A particle executes a simple harmonic motion of amplitude 1.0 cm along the principal axis of a convex lens of focal length 12 cm. The mean position of oscillation is at 20 cm from the lens.
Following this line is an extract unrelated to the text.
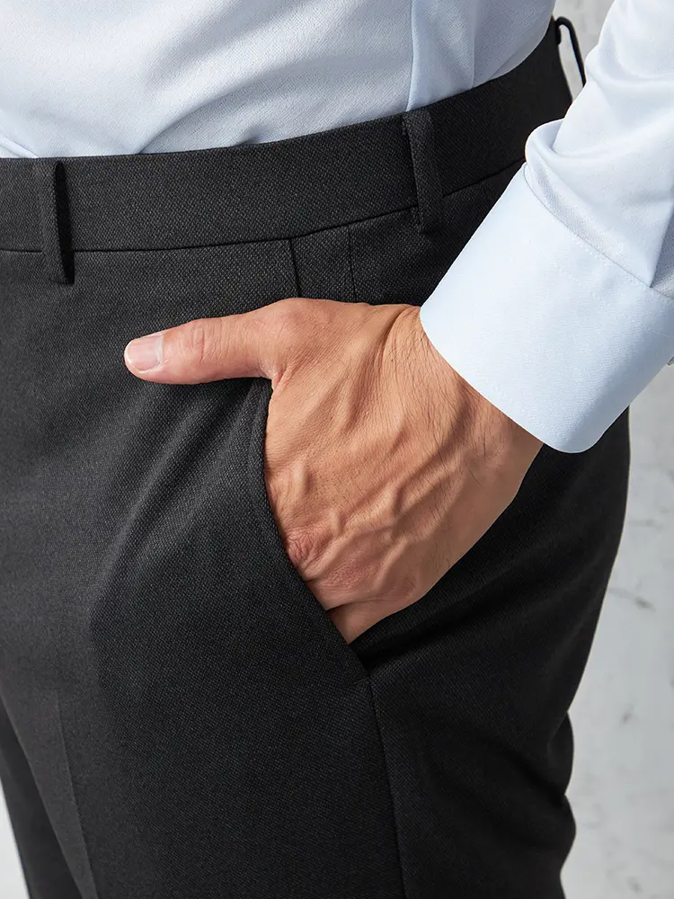 センタープレスや両玉縁のヒップポケットのキレイ目感も特徴。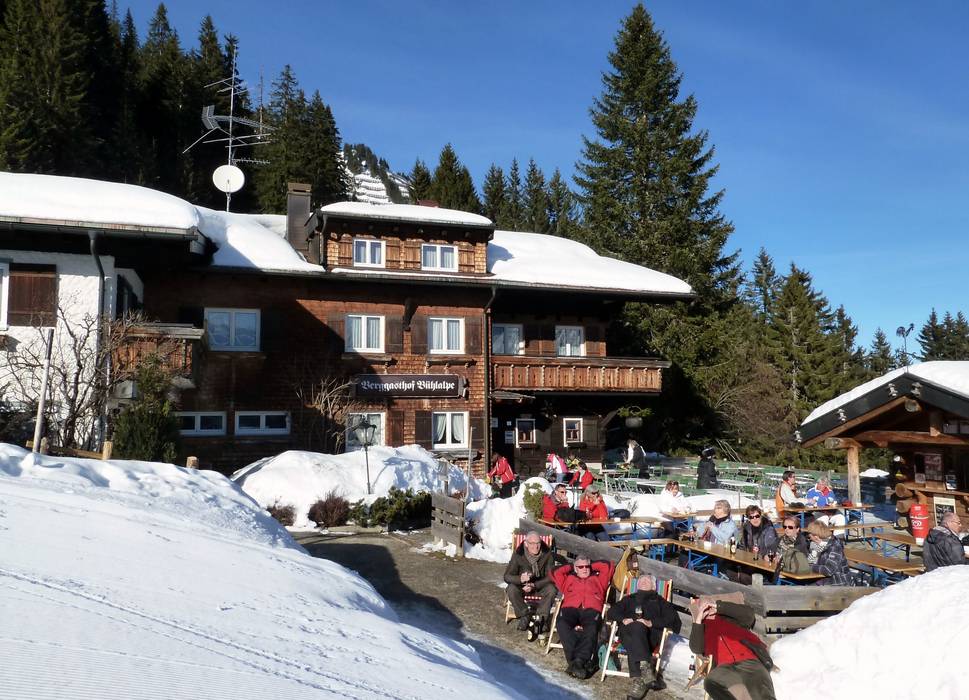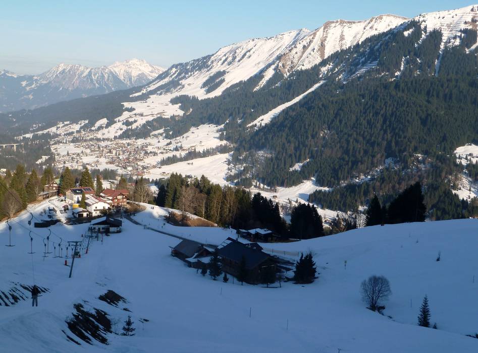 Gli impianti di risalita e le piste al Walmendingerhorn e Heuberg collegano i pendii a sinistra della Breitach formando un comprensorio sciistico. Grazie all’esposizione a sud e a est, l’area sciistica sopra Mittelberg e Hirschegg è baciata dal sole. Al Walmendingerhorn l’atmosfera è

Find the amplitude of oscillation of the image of the particle.

Answer 1

When the particle is at point B,

$\frac{1}{v_{\mathrm{B}}}=\frac{1}{f}+\frac{1}{u}$
$\frac{1}{v_B}=\frac{1}{12}-\frac{1}{19}$
$$\begin{gathered} \Rightarrow v_{\mathrm{B}}=\frac{12\times 19}{7} \\ \Rightarrow v_{\mathrm{B}}=32.57\mathrm{cm} \end{gathered}$$

When particle is at point A,

$\frac{1}{v_{\mathrm{A}}}=\frac{1}{f}+\frac{1}{u}$
$\frac{1}{v_{\mathrm{A}}}=\frac{1}{12}-\frac{1}{21}$
$$\begin{gathered} \Rightarrow v_{\mathrm{A}}=\frac{12\times 21}{9} \\ \Rightarrow v_{\mathrm{A}}=28\mathrm{cm} \end{gathered}$$

$\mathrm{Amplitude}\mathrm{of}\mathrm{image}=\frac{v_{\mathrm{A}}-v_{\mathrm{B}}}{2}$
$=\frac{4.5}{2}=2.2\mathrm{cm}$